**PROVIDED MATERIAL:**
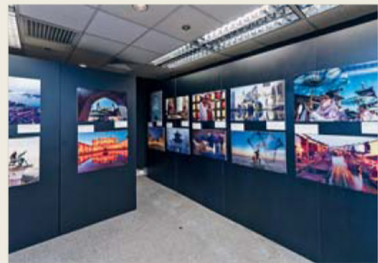
■ 「踏上馬哥孛羅的足印」攝影展，為參觀者提供一趟沉浸式馬哥孛羅之旅的體驗。

為期20天，由意大利安莎通訊社籌辦的「踏上馬哥孛羅的足印」攝影展已於4月14日圓滿結束。攝影展中共展示40幅攝影作品，讓觀眾沉浸在馬哥孛羅的旅程，感受其非凡的體驗。
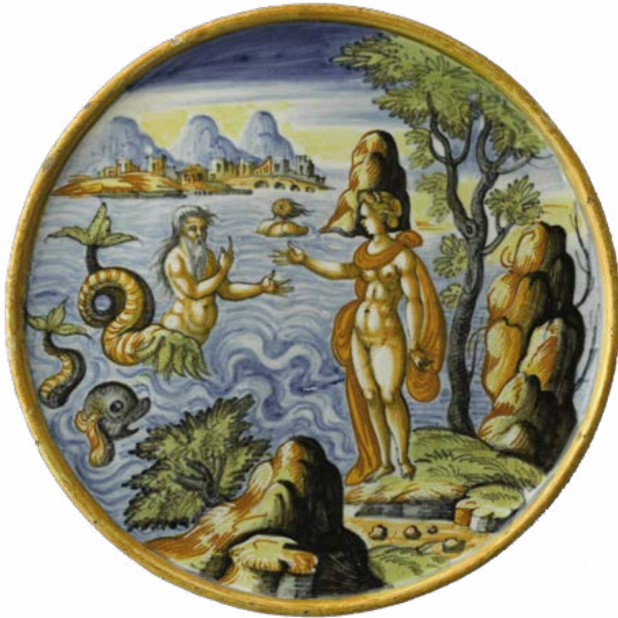
Scylla & Glaucus, plateau rond en faïence de Nevers dans le goût de la majolique italienne, 1641.

**EXERCISE AIM:**
From the first line to the last, transcribe the listing exactly; skip the pictures.

**OUTPUT OF THE EXERCISE:**
■ 「踏上馬哥孛羅的足印」攝影展，為參觀者提供一趟沉浸式馬哥孛羅之旅的體驗。

為期20天，由意大利安莎通訊社籌辦的「踏上馬哥孛羅的足印」攝影展已於4月14日圓滿結束。攝影展中共展示40幅攝影作品，讓觀眾沉浸在馬哥孛羅的旅程，感受其非凡的體驗。
Scylla & Glaucus, plateau rond en faïence de Nevers dans le goût de la majolique italienne, 1641.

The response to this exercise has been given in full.